The November 2022 update of Map Viewer really expands our options for aggregating geographic data on-the-fly and gives us a lot more control over the process. One of the most common challenges in mapping is how to fit a very large and complex world onto a small screen. For example, if we tried to map all 330 million Americans as individual points, our maps would be an illegible and unwieldy mess of points. Instead, cartographers have long relied on spatial aggregation to make thematic maps work: Those 330 million individuals become transformed into summary statistics reported by county or state and visualized as a choropleth map. Or millions of credit card transactions start to make sense when viewed as clusters or as a heat map. In other words, sometimes we must take a step back from our data to see it clearly. This is why spatial aggregation is at the heart of thematic mapping.
With traditional GIS, aggregation is often seen as a data pre-processing step. Before mapping, analysts would often derive new geographies and/or calculate new fields (which can be computationally expensive). But Web GIS has evolved so quickly we can now do on-the-fly spatial aggregation.
This is a big deal because it lets us explore how the stories our data tell change when we apply different spatial lenses to our work.
Geographers have long worried that the spatial scale at which you map the world will often alter what you think you’ve discovered; 1m pixels vs 30m pixels? Postal codes vs Provinces? As a result, best practices often involved re-running your work at multiple spatial scales to see “how stable the signal is”. But that is time consuming. Which is why the speed and flexibility of the new aggregation methods in Map Viewer are a big help.

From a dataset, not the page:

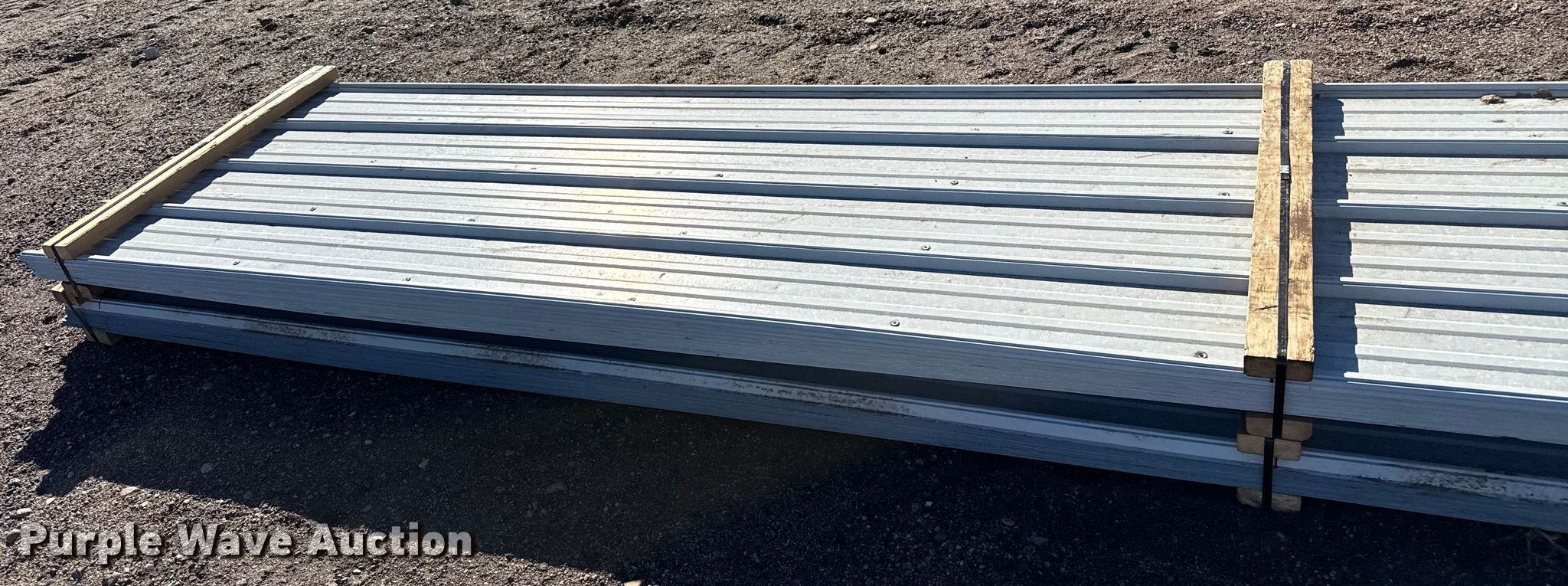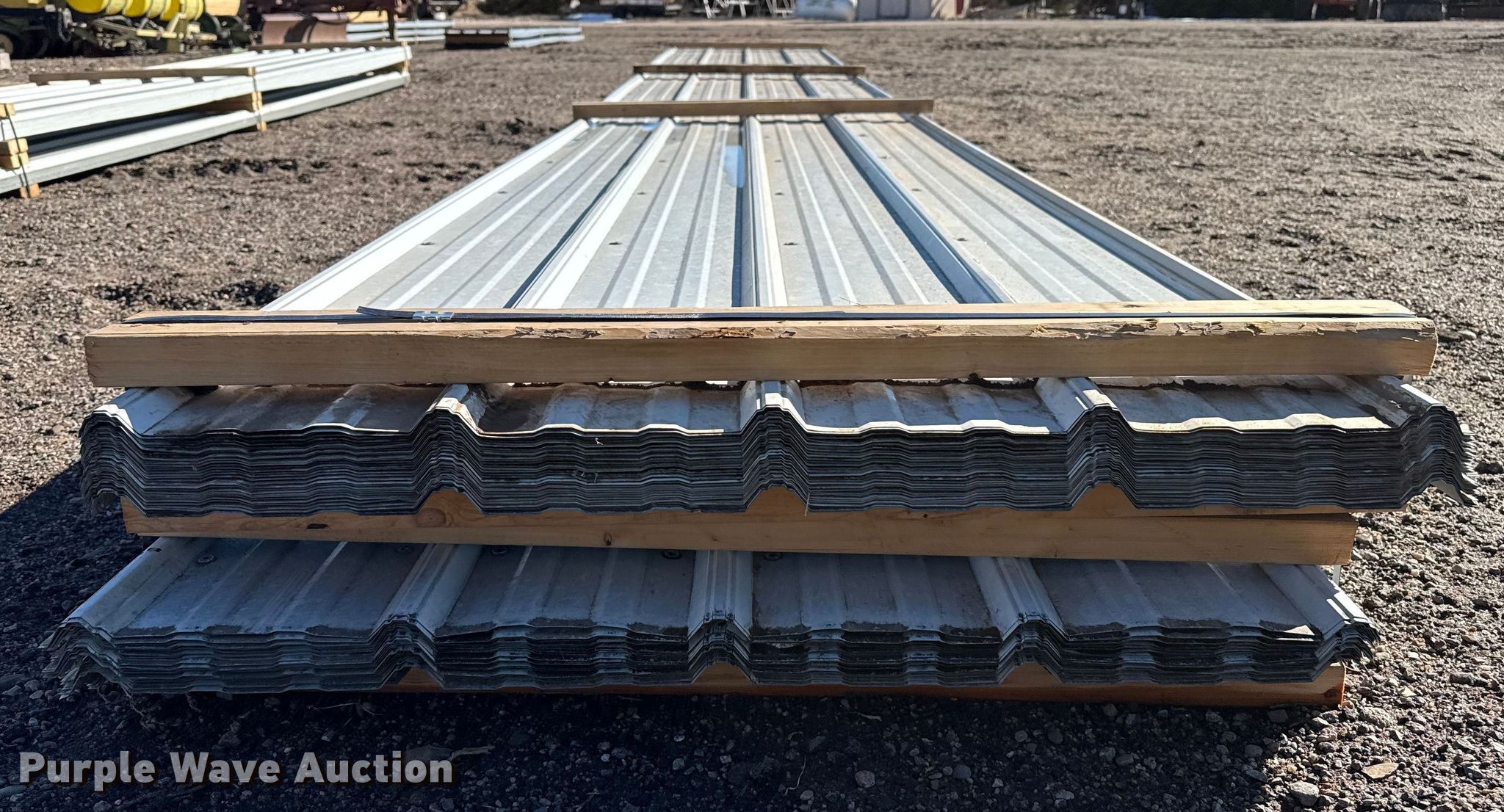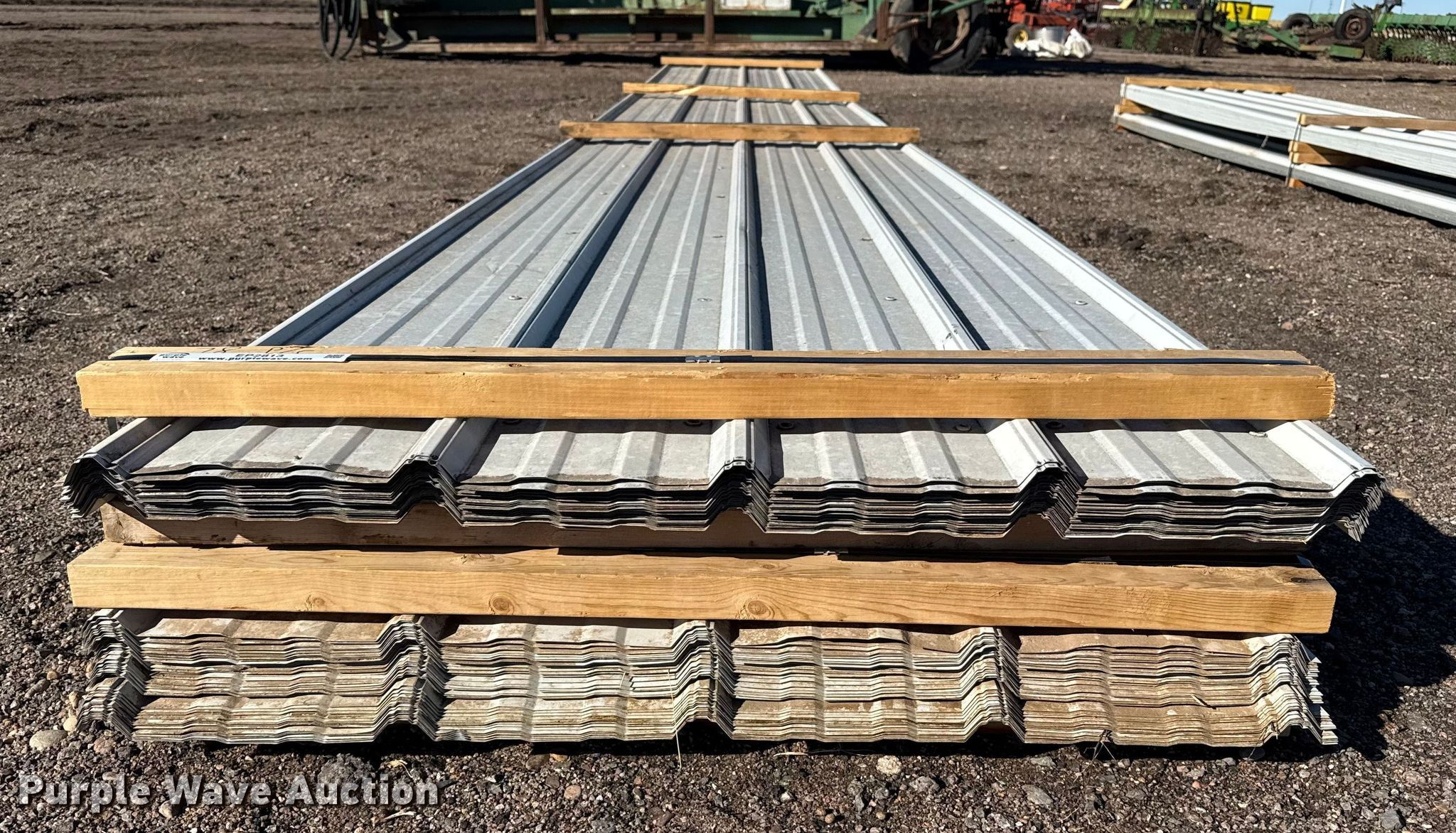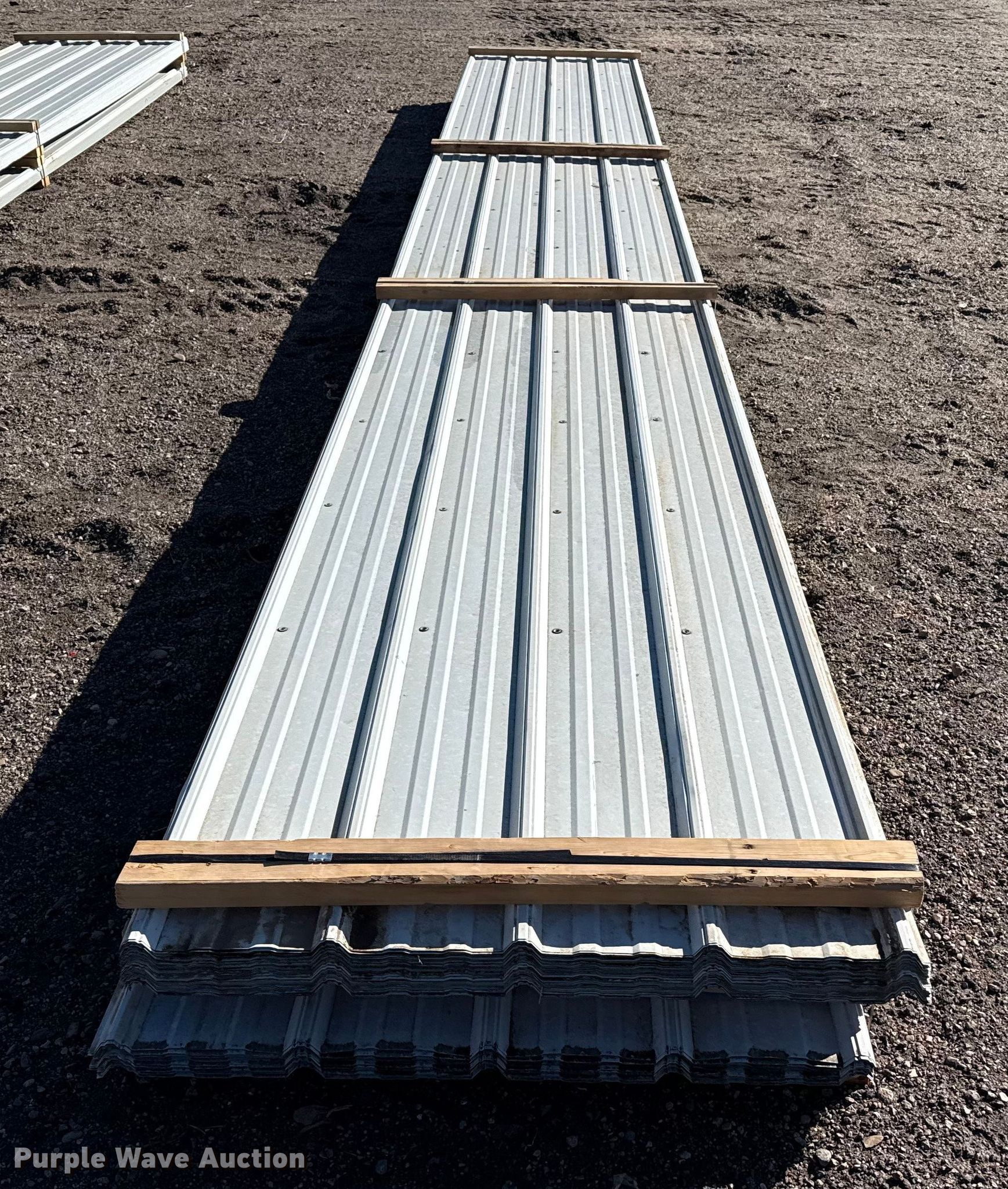 Purple Wave is selling a used Building Materials in Kansas. This item is a (78) sheets of metal siding/roofing with the following: 24' 6" L x 36" W
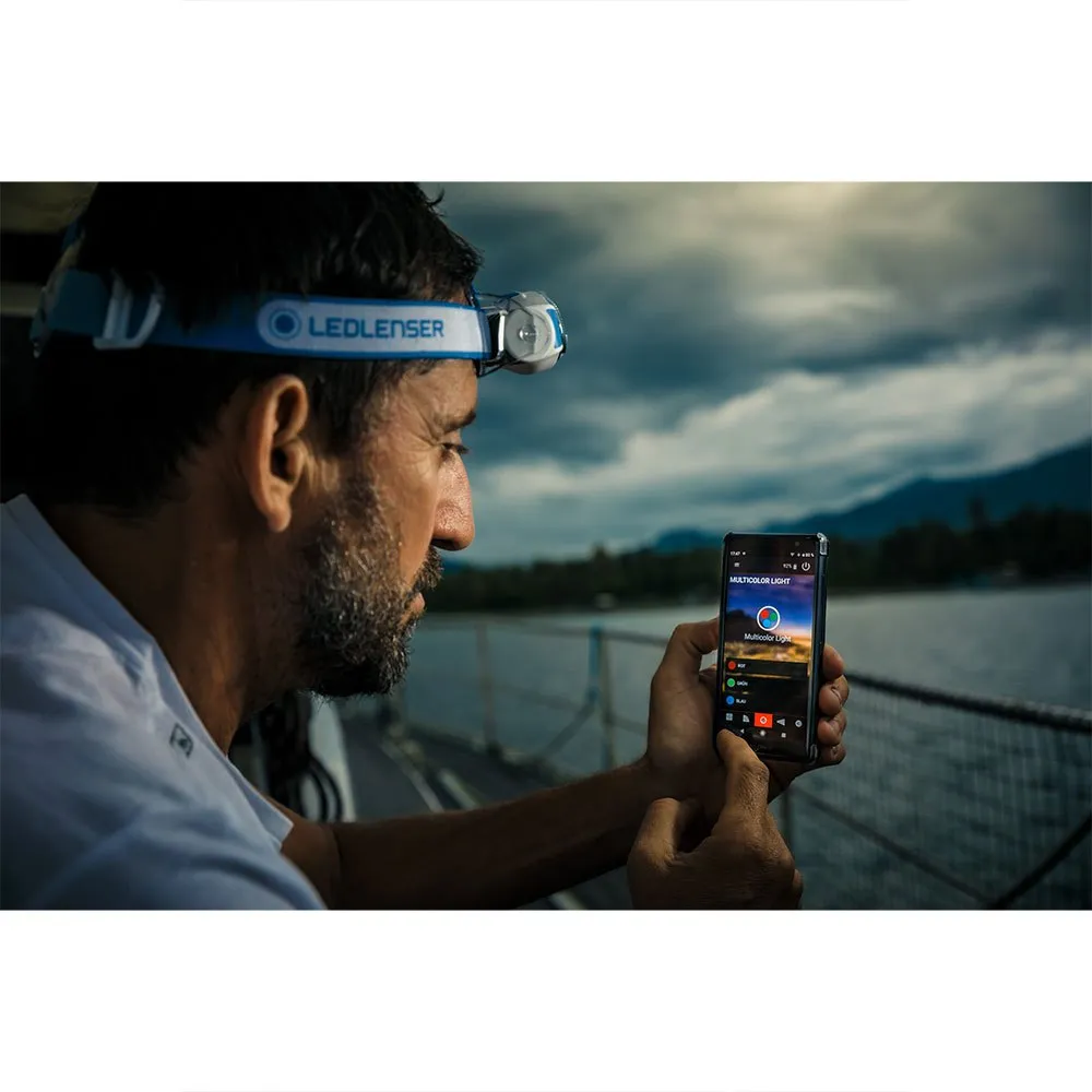Med appen vår kan du koble denne lampen til smarttelefonen din via Bluetooth. Så du kan kontrollere lampen din fra appen og konfigurere innstillinger. * Bluetooth®-ordmerket og logoene er registrerte varemerker som eies av Bluetooth SIG, Inc. og all bruk av slike merker av Ledlenser GmbH & Co. KG er under lisens.

New Renderers, Summary Stats, Projections and Tons More Control
While clustering and heat maps are two great approaches to spatial aggregation—and have been available in Map Viewer for a few years now—with this update things get taken to an entirely new level.
- There are two new renderer types: Binning and Clustering (charts) both of which expand our cartographic toolkit.
- Clustering has been thoroughly updated and authors have much more control over the styling of their clusters. This has been a top request from customers.
- Clustering now works on different map projections, which is great news if you’re working with something other than Web Mercator.
- Aggregation summary statistics (mean, min, max, mode) are now automatically calculated for bins and clusters. This means you can skip having to write Arcade expressions to extract those meaningful data. We can now move beyond just mapping the counts of things to showing things like the mean or sum or predominance of those bins or clusters.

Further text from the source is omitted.